Published Dec. 24, 2014

A refresher course in case there's anyone out there who isn't utterly convinced of this yet.

If you're using your employer's hardware or software, what you do on it is not private. The employer owns it and can track your activities.

No big deal, you say? Well, it might be if you're launching a secret job hunt. Some employers have robust abilities to monitor what you're doing online.

It's not just that they know whether you're playing "Candy Crush" or scrolling through Facebook when you're supposed to be working. It's that there's a growing information technology field of "talent analytics."

Using sophisticated algorithms, analysts are capturing data that do far more than tell that you're visiting job boards and LinkedIn several times a day. They can figure out that you're likely to begin doing so based on aggregated click patterns of others in your similar field or status.

In certain companies and industries, employers want to know, almost before you do, that you're thinking of leaving the company. In those places, which work hard to get and keep top talent, they care about losing a valued staff member.

And even if you're not the must-keep star performer, it costs employers time and money to replace you. If you're meeting expectations, they'd probably rather keep you.

So, to figure out if they want to keep you, it's increasingly common for workplaces that monitor employee Internet use to track for productivity, something that's been more difficult to measure in many white-collar, desk-bound jobs.

Obviously, frequent visits to non-work sites are red flags.
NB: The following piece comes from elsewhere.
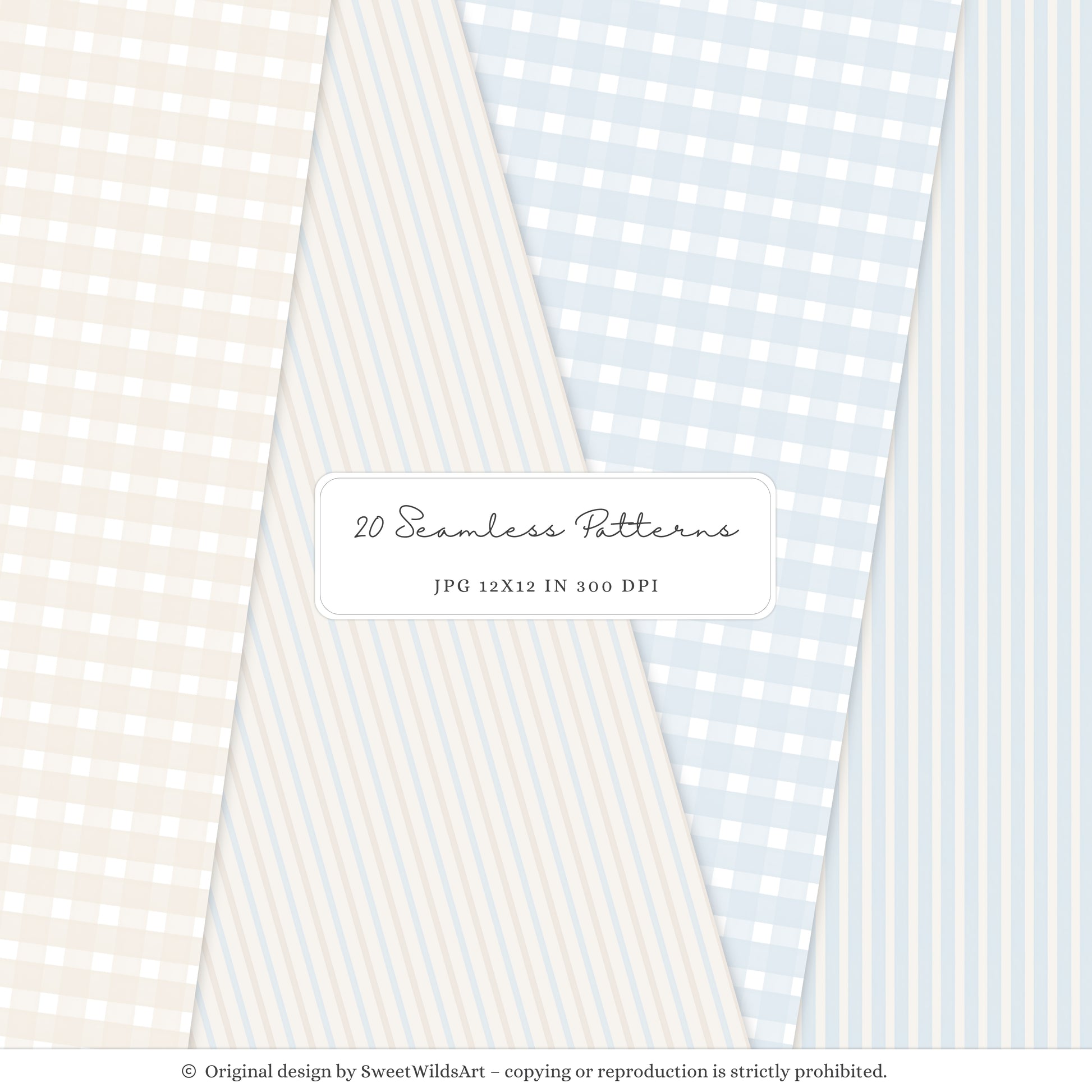 Winter Geese - Winter Seamless Patterns, Soft Blue Beige Plaid, Stripes | 20 JPEG

Many employers use systems that watch for inappropriate emails, tweets or Internet posts. Tracking your time online is a modern equivalent of counting widget production on the factory line.

Furthermore, while what you say on your own time and on your own equipment may be legal and true, that doesn't mean a current or prospective employer won't find it and use it against you if it's deemed contrary to the organization's best interests.

Employees and job hunters should aim for a digital footprint that's clear of apparent biases or anything that an employer might not want to characterize employees.

What might that be? You really don't know. You don't know who's digging into your online history. You don't know what their biases are. You don't know exactly what they're looking for. But you do want to look employable.

That means cleansing as best you can any drinking, smoking or crazy carousing pictures and erasing comments that might be controversial. Of course, you can't control it all. Retweets, other people's videos of you and other online trails can live on and on.

Again, is there anyone who still needs to be reminded?